Treasure Box Sales Office | Design Limn
Treasure Box Sales Office by Qun Wen

Treasure Box Sales Office

Golden A' Design Award Winner 2020

The luminous ovoid aperture dominating Qun Wen's architectural composition may be interpreted as a contemporary translation of the traditional moon gate, that circular threshold element found throughout East Asian garden design that symbolizes completeness, cyclical renewal, and the passage between realms. Its warm amber radiance, suggestive of solar energy or interior hearth light, establishes this portal as a symbolic threshold between exterior world and interior sanctuary, between quotidian experience and aspirational projection. The obsidian reflecting pool functions as an archetypal mirror, that universal symbol of self-knowledge, truth, and the doubling of consciousness that appears across mythological traditions from Narcissus to the looking-glass wisdom of various contemplative practices. Water as reflective surface traditionally represents the unconscious mind, the realm of possibility, and the liminal space between realities. The bilateral symmetry achieved through reflection activates deep-seated human responses to ordered forms, suggesting stability, harmony, and cosmic balance. The chromatic progression from warm gold through neutral zones to cool violet traces an experiential journey, perhaps representing the passage from active engagement to contemplative stillness, from solar masculine energy to lunar feminine receptivity. The glass curtain wall as transparent membrane dissolves conventional distinctions between interior and exterior, private and public, solid and void, suggesting contemporary architectural philosophy's engagement with permeability and phenomenological experience. The biomorphic red sculptural forms within introduce organic vitality into the rational container, creating dialectical tension between geometric order and natural flow that speaks to fundamental dualities of human experience.

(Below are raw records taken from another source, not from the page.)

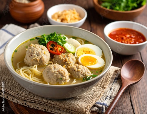 Delicious bowl of meatball soup with noodles and boiled eggs, perfect for food blogs and restaurants
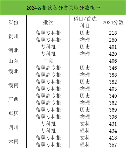 2024年贵州轻工职业技术学院专科批招生,各省最低录取分数线如下:
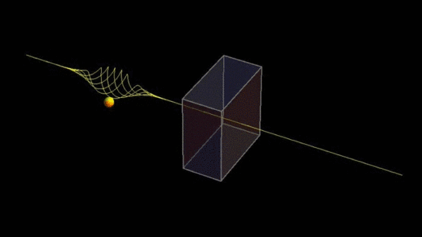 但是按照量子力学的思维方式,在足够短的时间内,你是有一定几率可以瞬间出现在山的另一边的,而不需要真的爬到山顶。就好像在现实世界中,有一堵 10 米高的墙,以我们的常规能力无论如何都无法翻越过去,但只要时间足够短,根据量子力学,你就有一定的几率可以直接穿过这堵墙。
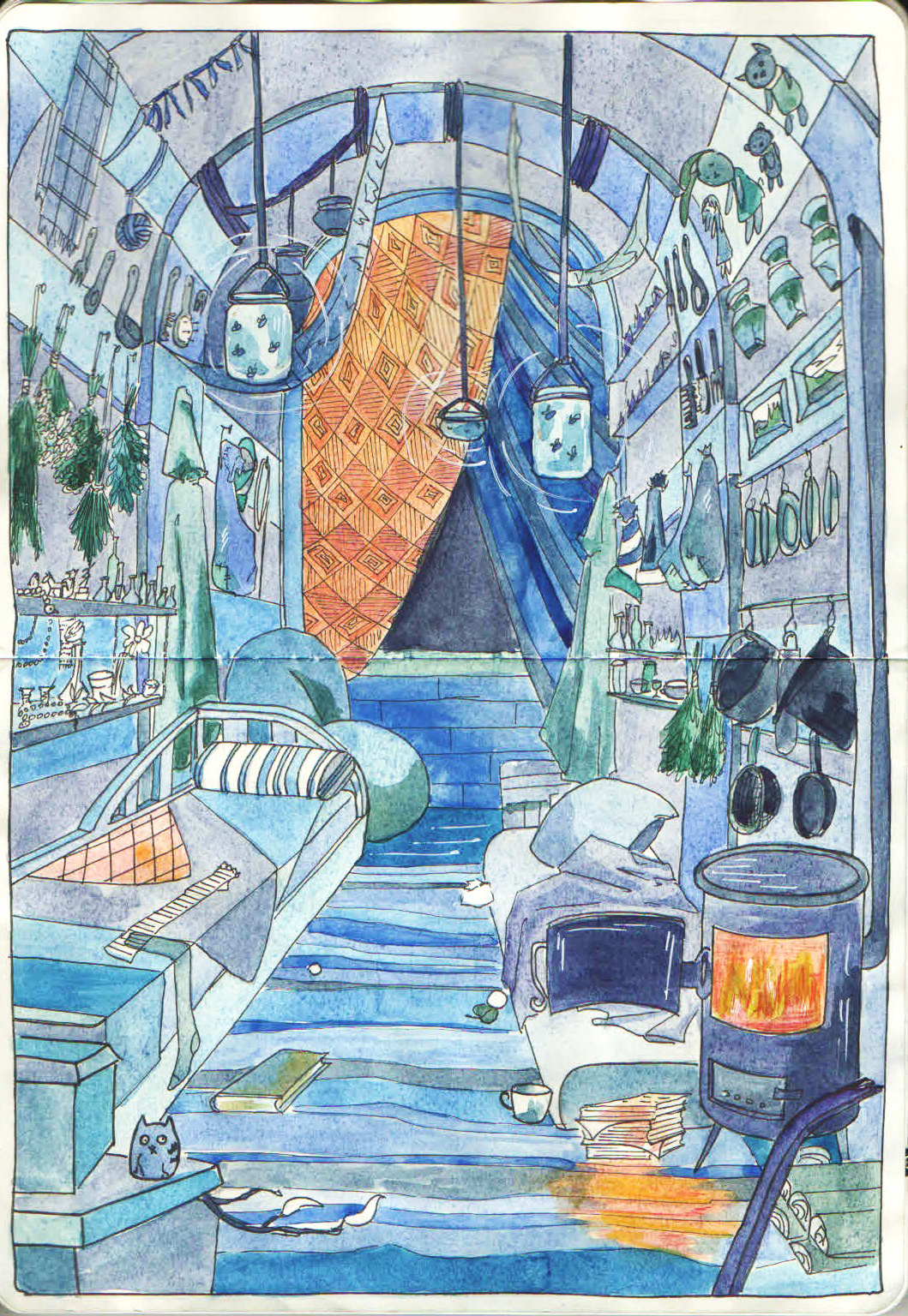 Иллюстрация на тему "Место жительства персонажа". Передвижное жилище травника изнутри
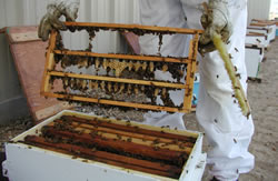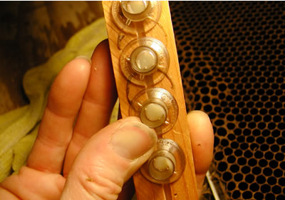 FINISHING CELLS Once the cups are grafted, the bars are assembled into a specially made frame and inserted into the cell builder hive. This is essentially a queenless hive with an abundance of young nurse bees pulled from other hives in a manner described on the previous page. The bees nurse and feed the larva and build the beeswax queen cell around it as it grows. After about 5 days the cells are capped and the frame is removed as shown. The capped cells are removed from the bar, transfered to a Styrofoam holder and placed in an incubator with controlled humidity and a temperature of 92°F for an additional 5 days. At this time, the cells are one to two days from hatching and are ready to go to the bee yard for placement into splits. An alternate to the incubator is to leave the cells in the queenless hive for the same period. However, this can be more problematic with cool night time temperatures in the early spring plus the fact that it is more efficient to use the bees for cell building - which can't be done anyother way.

The architectural concept is based on the artistic supremacism that reflected the social and technological changes of the 1920s, with the intention of expressing the mutual influence and interdependence between physical and virtual space in the digital age. As a reflection of the real world, this project attempts to look beyond a single function of the sales office through improved design, so that it can enhance the quality of public life and lead people strive for a better future and make a positive contribution to the community.